A maior parte dos sintomas é causada devido ao fato das células doentes tomarem o lugar das células normais na medula óssea. São eles:

  • Palidez, resultante de anemia;
  • Cansaço e mal-estar;
  • Desconforto no lado esquerdo do abdômen – o baço aumenta muito de tamanho;
  • Suor excessivo;
  • Perda de peso;
  • Hematomas.

Diagnóstico e Monitoramento – LMC

Leucemia tem cura e o seu diagnóstico segue a linha em termos gerais de um hemograma completo para a contagem de glóbulos brancos e outros elementos do sangue. Neste caso, exames clínicos e de imagem para verificar o aumento do baço, sintoma típico da LMC.

Um mielograma também é fundamental para a constatação das anormalidades registradas no hemograma. Além disso, os exames de citogenética, como o cariótipo e o FISH, são fundamentais para avaliar especificamente o cromossomo Philadelphia para fechar o diagnóstico.

Há ainda o teste molecular de reação em cadeia da polimerase (PCR), utilizado para o diagnóstico e acompanhamento da doença. Ele mede, no sangue ou medula óssea, a quantidade do gene de fusão causador deste tipo de câncer, o BCR-ABL.

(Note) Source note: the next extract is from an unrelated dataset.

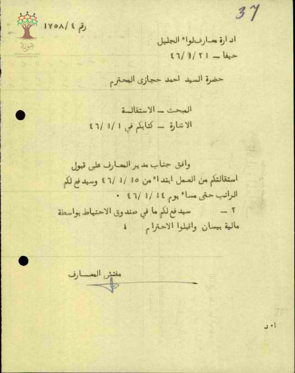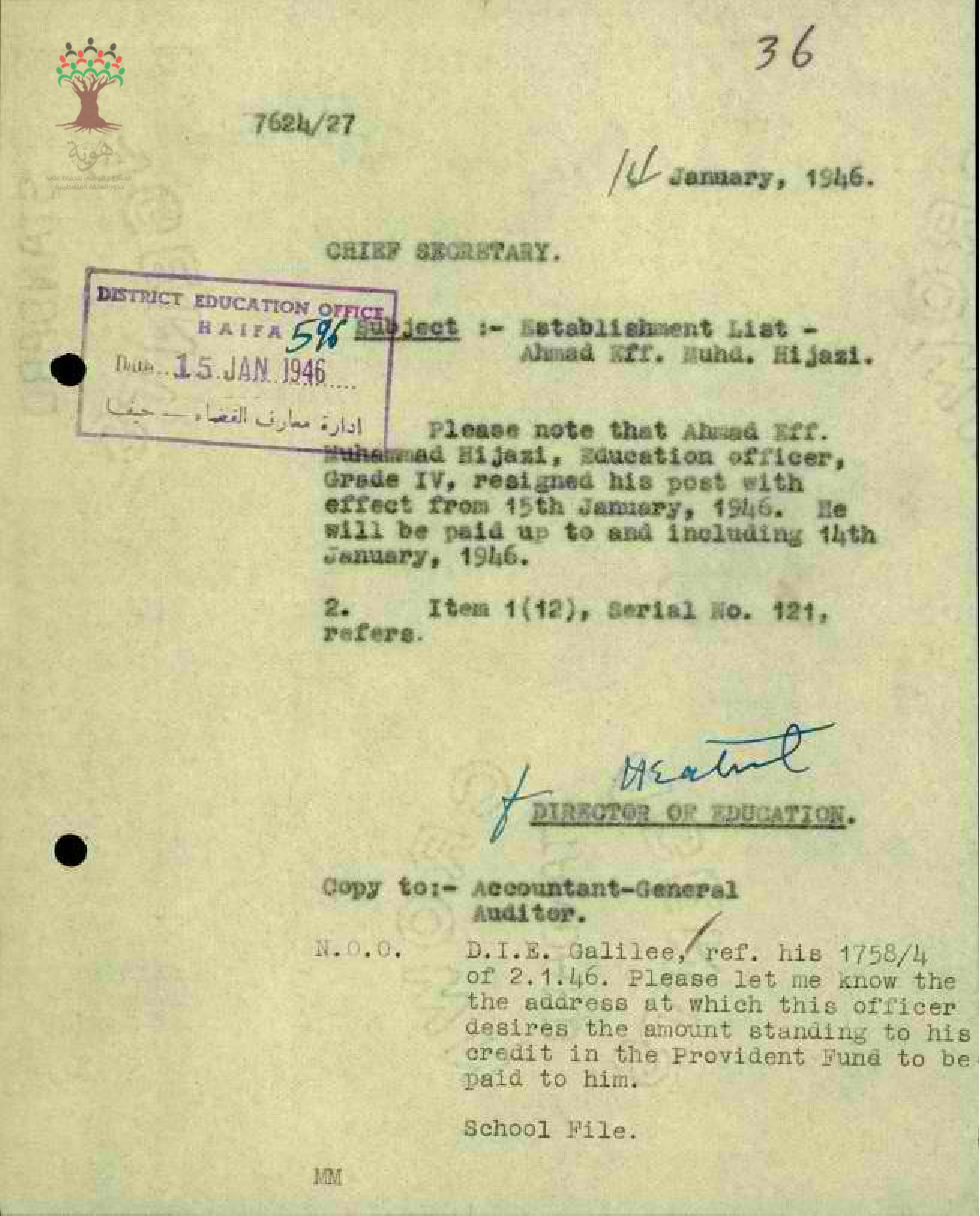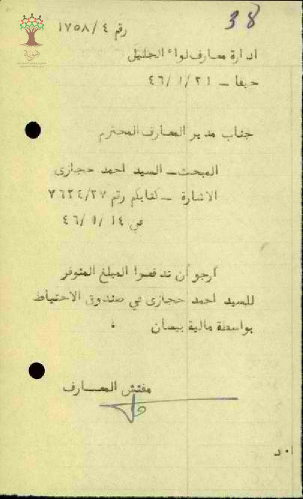 رسالة من مفتش المعارف إلى المعلم أحمد حجازي يعلمه بقبول مدير المعارف الاستقالة ودفع المبلغ المتوفر للمعلم في صندوق الاحتياط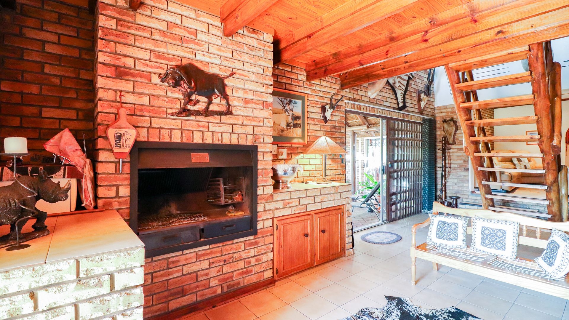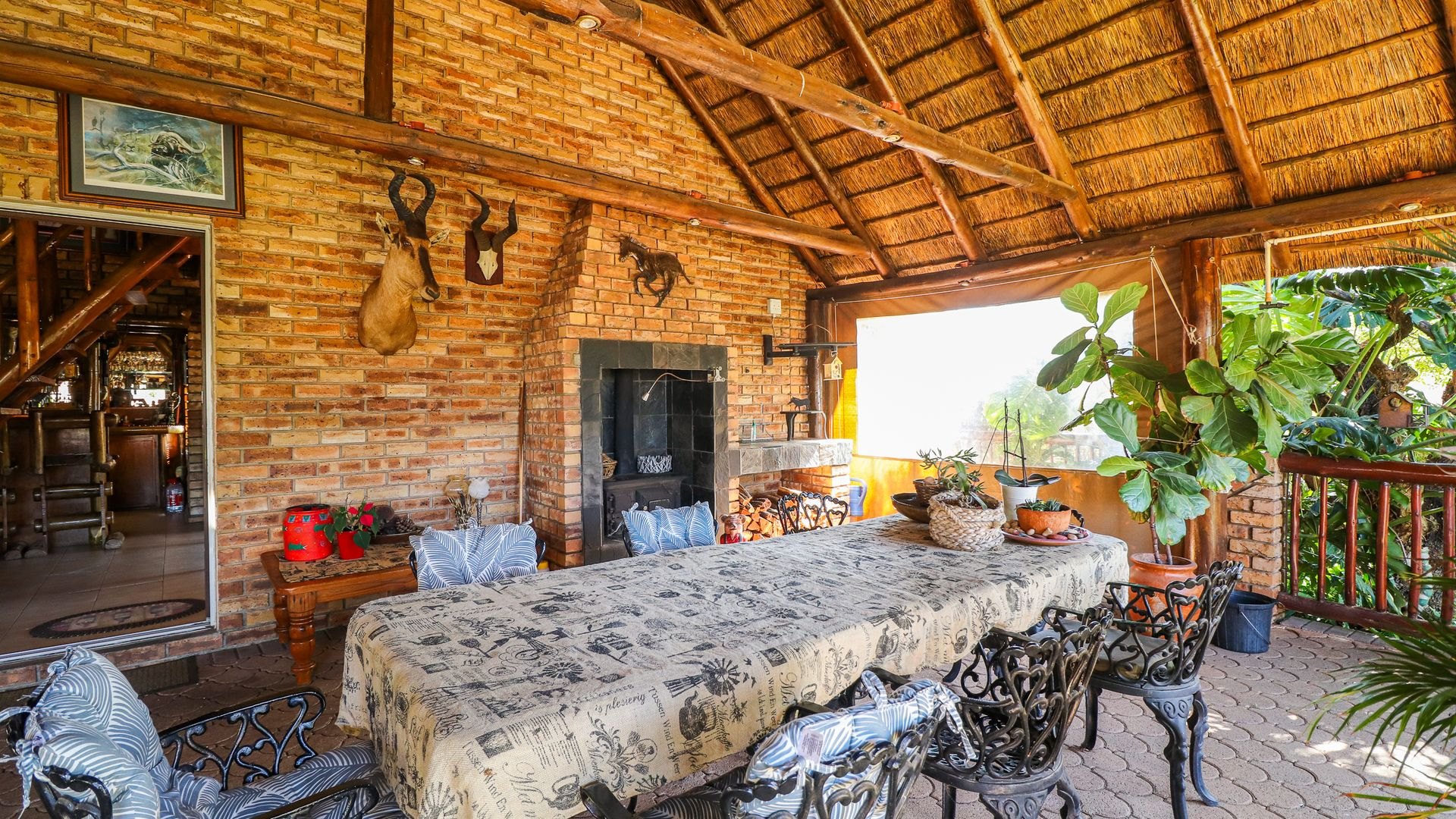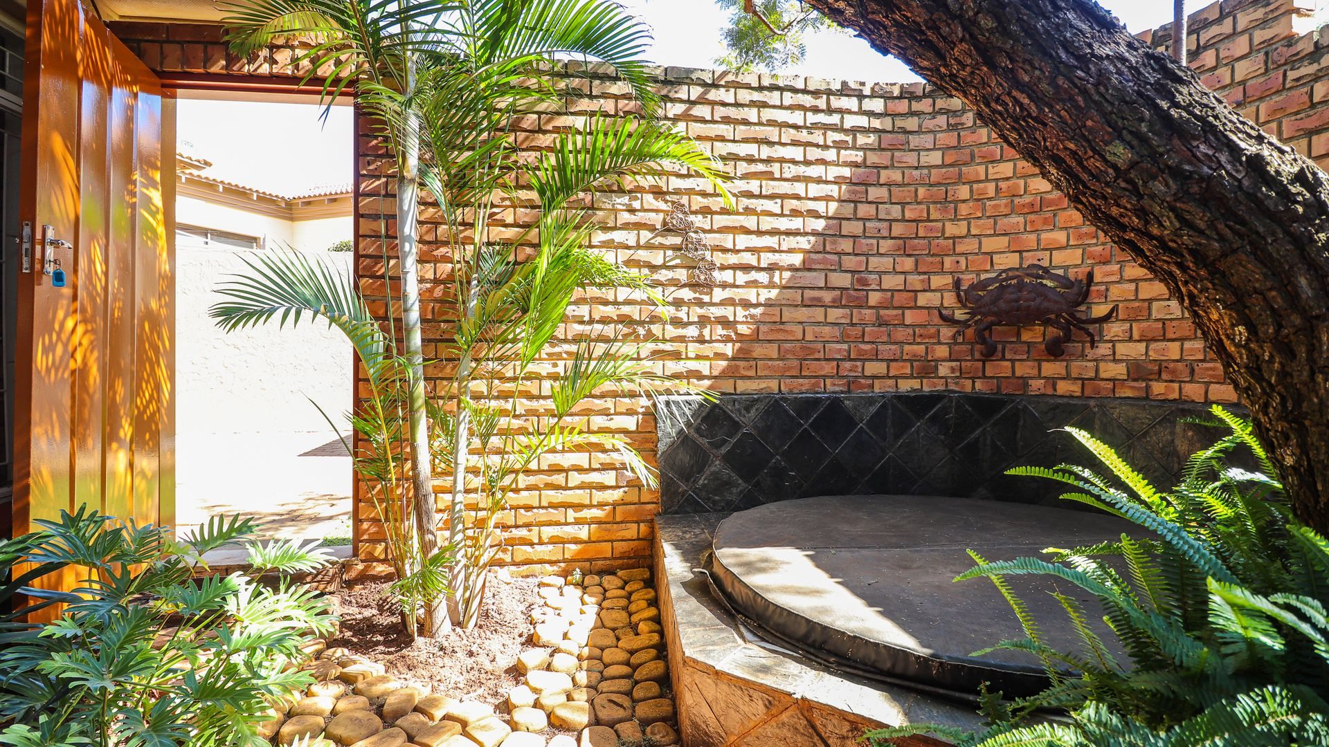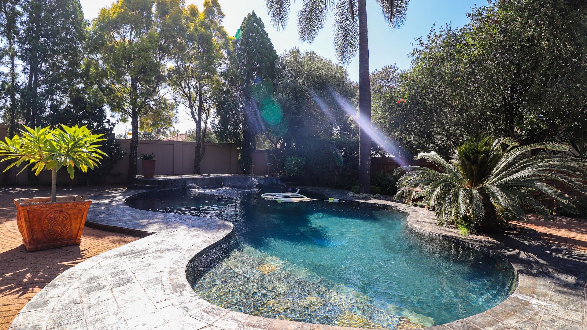 Step outside and you’ll find a beautiful garden, including a covered patio with an outdoor dining space, a built-in braai, and a beautifully landscaped garden. The highlight is the sparkling swimming pool and jacuzzi, creating a perfect retreat for both relaxation and socializing on warm days or cool evenings.

Monitorar os resultados obtidos após o diagnósticos e tratamentos é fundamental no caso das leucemias crônicas. Para isso, diferentes exames são realizados, e cada um deles mostrará como o paciente está reagindo à terapêutica.

O hemograma, por exemplo irá mostrar melhora através da resposta hematológica (RH), em que a contagem de leucócitos (um tipo de glóbulo branco) não estará mais elevada e a contagem de plaquetas, normal. Isso costuma acontecer após três meses de tratamento.

Leucemia tem cura: Tratamento – LMC

Hoje, o tratamento para a LMC está muito avançado e a maior parte dos pacientes conquista a remissão completa da doença. Normalmente, o médico vai definir qual a melhor opção terapêutica, mas há opções de usar inibidores da tirosina quinase ou terapia alvo com diversos medicamentos diferentes.

Além disso, existe a possibilidade de tratamento com imunomodulador ou modulador da resposta citogenética (Interferon alfa). A quimioterapia, se não houver resposta aos inibidores e a radioterapia, um tanto mais rara neste caso, podem ser utilizadas como último recurso antes de um transplante de medula óssea.

Reincidências – LMC

São diversas as opções para o tratamento. Ou seja, caso o paciente não responda bem ao primeiro tratamento, o especialista terá outras opções para indicar.

Quando a LMC se apresenta em uma fase acelerada, as células doentes se acumulam no corpo de forma mais rápida e podem adquirir novas mutações genéticas, que tornam o tratamento menos eficaz. Assim, são feitas repetições das mesmas opções terapêuticas, porém com uma dosagem maior. O transplante de medula óssea, incluindo o autólogo, pode também ser uma opção, em especial para os pacientes mais jovens.

Já a fase blástica é a mais complicada, tornando a leucemia crônica mais próxima da aguda. Nestes casos, as células doentes são fabricadas em maior número e tornam-se resistentes às terapias convencionais. Para os pacientes em fase blástica que não foram tratados antes, altas doses de um dos inibidores da tirosina quinase podem ser indicadas. Como por exemplo, o Bosutinibe para aqueles que já iniciaram o tratamento, e mesmo assim tiveram um aceleramento na doença (embora não esteja disponível no Brasil).

2. Leucemia Linfoide Crônica – LLC

A leucemia linfoide crônica (LLC) é bem diferente dos outros tipos de leucemias, pois em alguns casos não é necessário realizar um tratamento. A doença se manifesta quando os glóbulos brancos param de realizar suas funções. E também não é hereditária, mas adquirida. Apesar de não se saber a sua causa, na maior parte dos casos, ela atinge pessoas com mais de 50 anos, sendo que não há registros de crianças que tenham adquirido a doença.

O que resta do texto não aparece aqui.